With transforms.Compose([
transforms.ToTensor(),
transforms.Normalize(mean=[0.485, 0.456, 0.406], std=[0.229, 0.224, 0.225])])

    [[2.0084, 2.0084, 2.0084,  ..., 1.9384, 1.9559, 1.9559],
     [2.0084, 1.9734, 1.9559,  ..., 1.9209, 1.9559, 1.9559],
     [1.9734, 1.9734, 1.8859,  ..., 1.9559, 2.0084, 2.0084],
     ...,
     [2.0259, 1.9734, 1.9909,  ..., 1.9909, 2.0434, 2.1134],
     [2.0084, 1.9909, 2.0259,  ..., 2.0434, 2.0959, 2.0959],
     [2.0084, 2.0084, 2.0259,  ..., 2.0434, 2.0959, 2.0959]],

    [[2.1868, 2.1868, 2.3088,  ..., 2.0125, 2.0474, 2.0474],
     [2.1868, 2.1694, 2.2217,  ..., 2.0474, 2.0648, 2.0474],
     [2.1520, 2.1520, 2.2043,  ..., 2.0823, 2.0997, 2.1346],
     ...,
     [2.1346, 2.1520, 2.1868,  ..., 2.1171, 2.1171, 2.1171],
     [2.1694, 2.1694, 2.2043,  ..., 2.1520, 2.1346, 2.1171],
     [2.1694, 2.1694, 2.2391,  ..., 2.1520, 2.1171, 2.1171]]])

I assume your last layer is a convolution layer with a single output channel.
In that case your model will return logits, which are raw prediction values in the range [-Inf, +Inf].
You could map them to a probability in the range [0, 1] by applying a sigmoid on these values.
In fact, nn.BCEWithLogitsLoss will apply sigmoid and log on the input. However, it’ll use a numerical stable way than manually applying these methods separately.

If we are talking about the probabilities in the range [0, 1] and you would like to use a threshold of 0.5 to determine if the prediction is class0 or class1, you could use a threshold of 0.0 on the logits and you’ll get the same predictions.

So you shouldn’t be worried about the range of the output.

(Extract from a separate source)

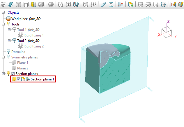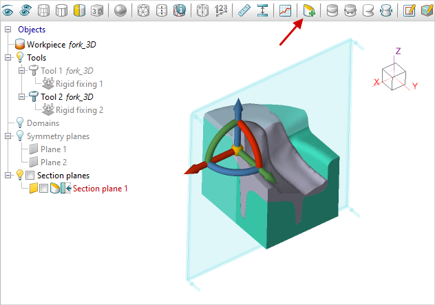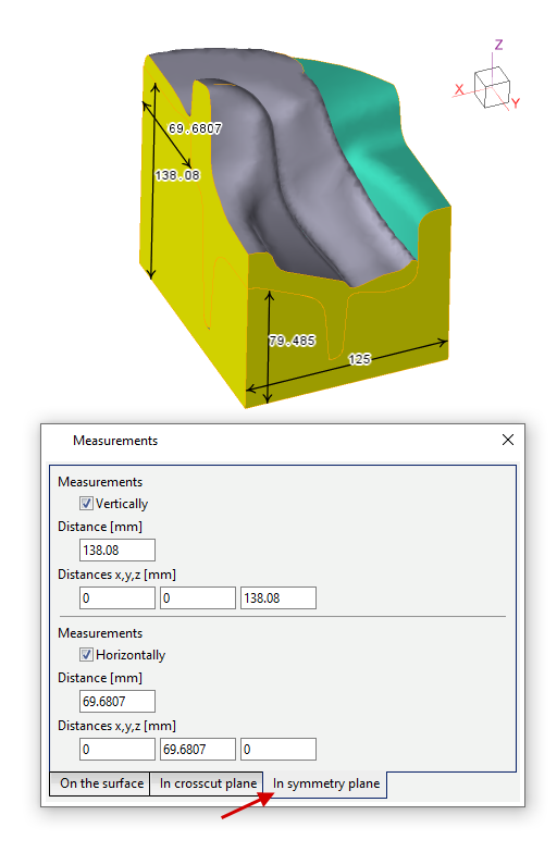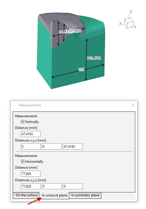 The section plane is added with the button Add section plane The objects measurements window is opened with the button Measure See also: |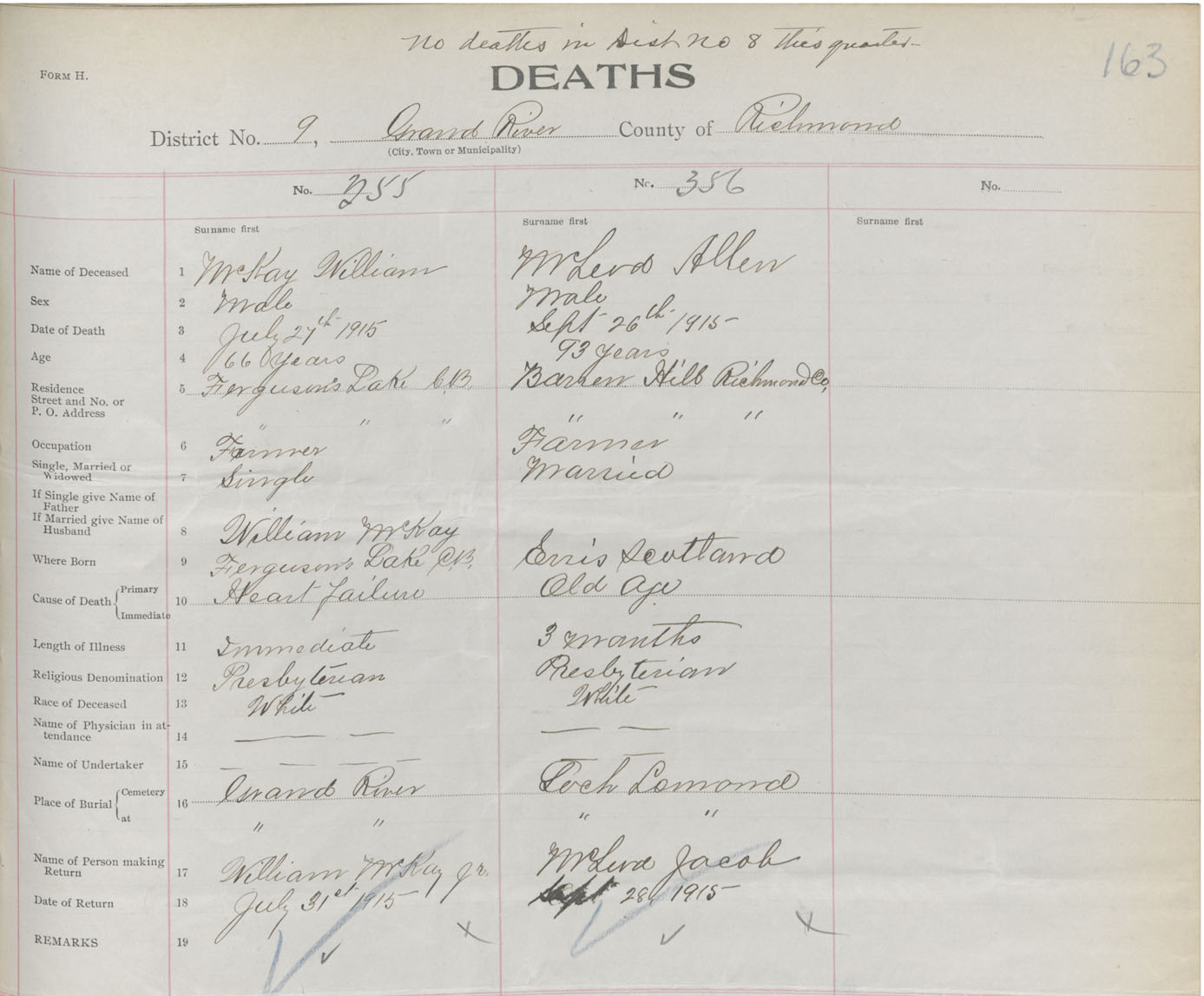 Male Death Registration: Year: 1915 book: 47 page: 163 number: 355

As explained before, don’t use torch.argmax, as it’ll return the max index in dim1, which will always be 0. torch.argmax is used for the multi-class approach, where each output channel corresponds to a class.

1 Like

Thank you, the explanation of what logits are helps. So my normalization values before training is nothing I should worry about either? Or should I keep just ToTensor()?

And indeed, my last outputs of my model is:
(3): ReLU()
(4): Conv2d(256, 1, kernel_size=(1, 1), stride=(1, 1))

I would recommend to use the normalization, as it’s often beneficial for the training.

what is the difference between class and channel?
you stated that multi-class segmentation use case with 2 classes. “[batch_size, 2, height, width]”
but is not this 2 the number of channels?

Yes, dim1 can be seen as the channel dimension, which holds the number of classes, if it’s the output of a model for a multi-class segmentation.
The “meaning” of the dimensions is basically defined by the use case and nn.CrossEntropyLoss expects a model output in the shape [batch_size, nb_classes, *].